There are two different sparse matrix types provided by ViennaCL, compressed_matrix and coordinate_matrix. In the current release of ViennaCL, the use of compressed_matrix is encouraged over coordinate_matrix, since compute kernels for the latter require additional optimizations.


compressed_matrix<T, A> represents a sparse matrix using a compressed sparse row scheme. T is the floating point type. A is the alignment and defaults to 1 at present.
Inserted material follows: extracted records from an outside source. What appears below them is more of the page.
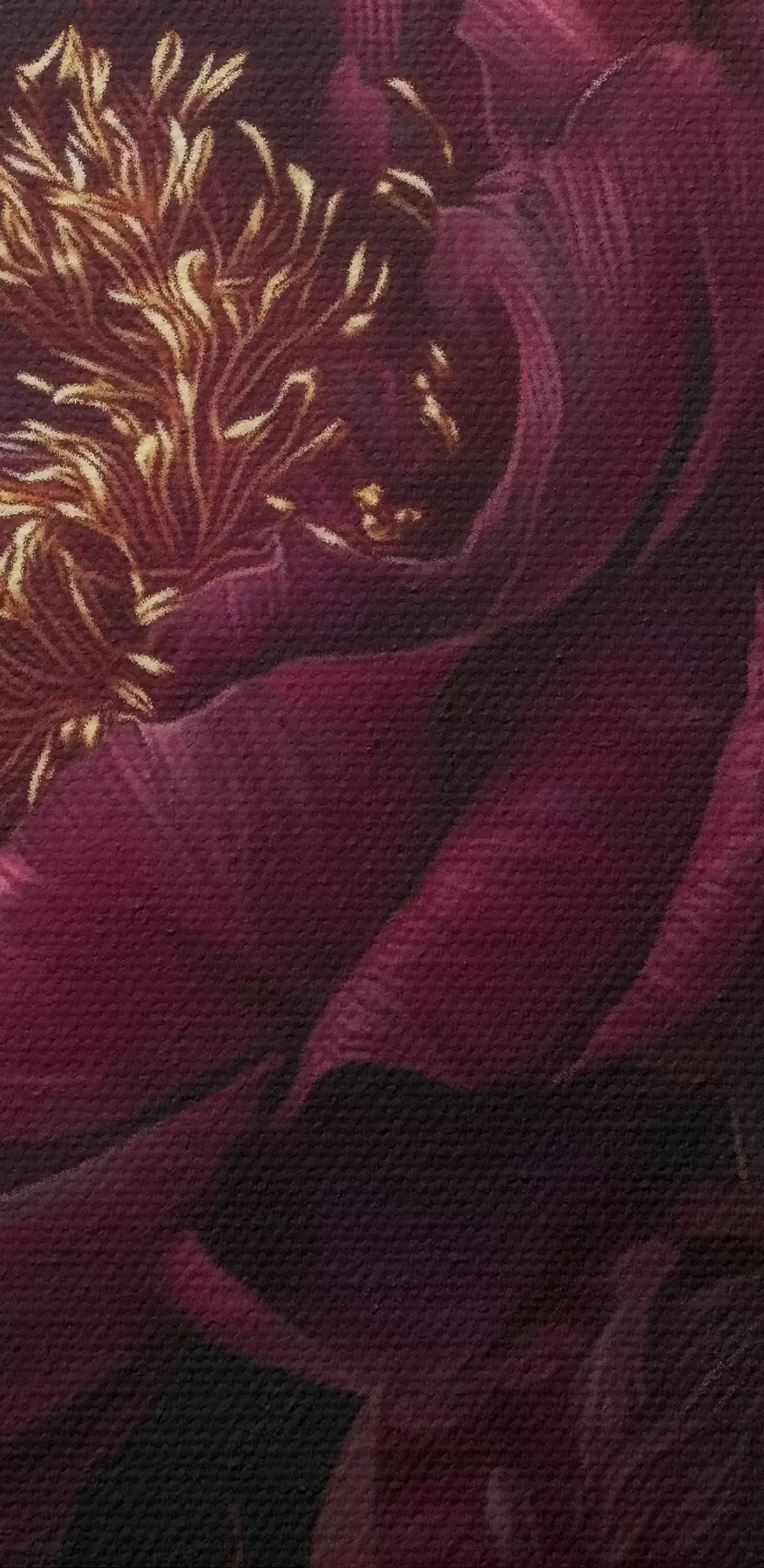 Picturi rotunde Bujori burgund pe fond negru cu accente galbene r45877
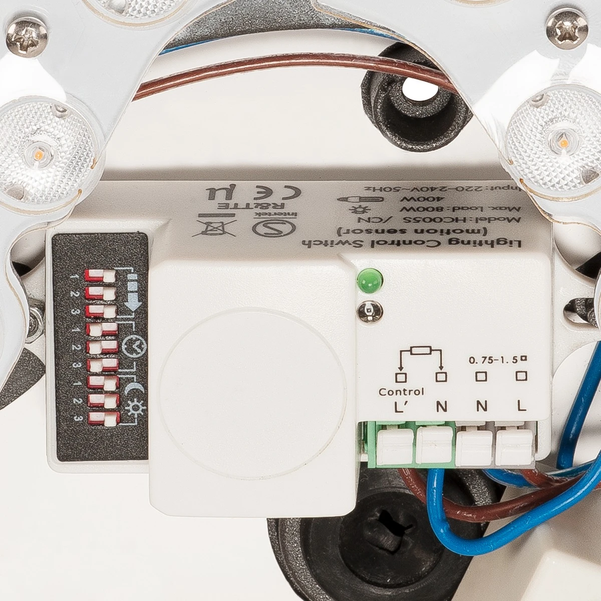 are equipped with Microwave sensors and the control gear is located inside the front of the fitting. As per the illustration above
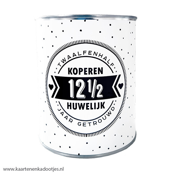 Ken jij een stel dat 12½ jaar getrouwd is? Dan is dit kadoblik een superleuk en origineel kado. Je kunt het blik zelf vullen met chocola, snoep, giftcard, geld en/of een klein kadootje.
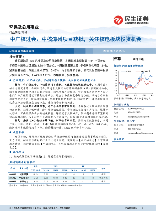 【民生证券】【20190729】环保及公用事业周报:中广核过会、中核漳州项目获批,关注核电板块投资机会-12页
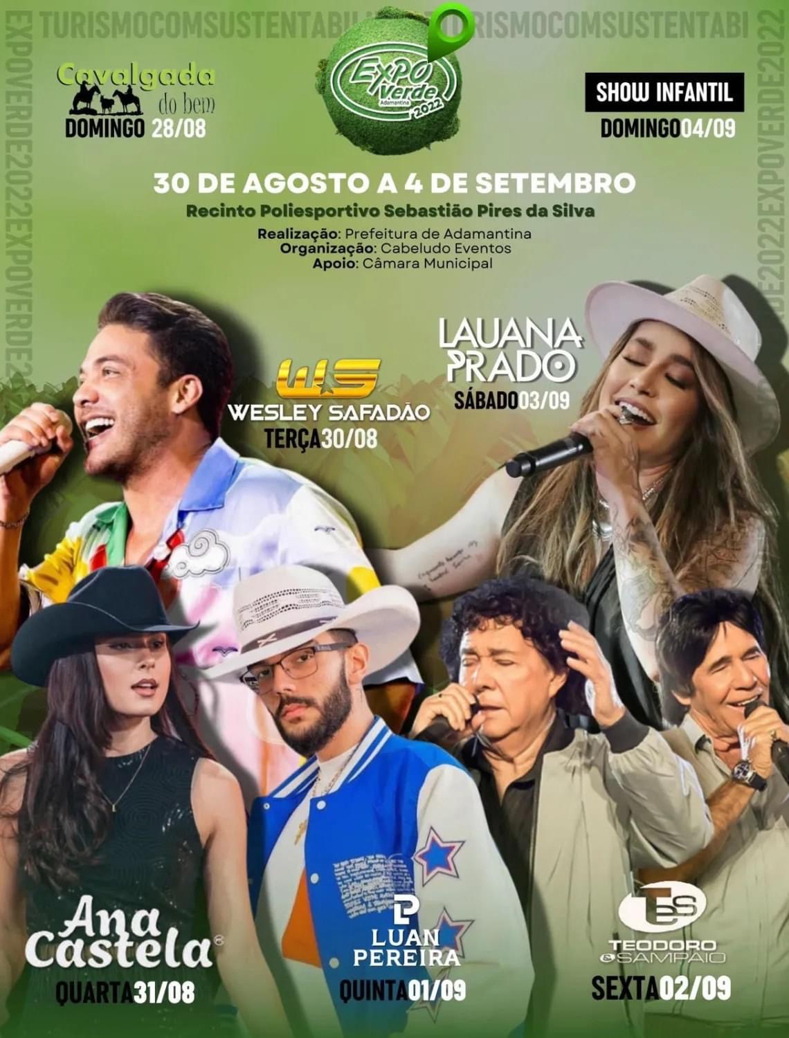 Além de Wesley Safadão que sobe ao palco na terça-feira (30), na quarta-feira (31), Ana Castela; na quinta-feira (1), Luan Pereira; na sexta-feira (2) Teodoro & Sampaio; no sábado (3), Lauana Prado e encerrando a festa, Dudinha e Mariana com a Galinha Pintadinha no domingo (4).

The second type, coordinate_matrix<T, A>, represents a sparse matrix where entries are stored as triplets (i,j,val), where i is the row index, j is the column index and val is the entry. Again, T is the floating point type. A is the alignment and defaults to 128 at present.

In general, sparse matrices should be set up on the CPU and then be pushed to the compute device using copy(), because the management of map based sparse matrices is inefficient on most compute devices such as GPUs.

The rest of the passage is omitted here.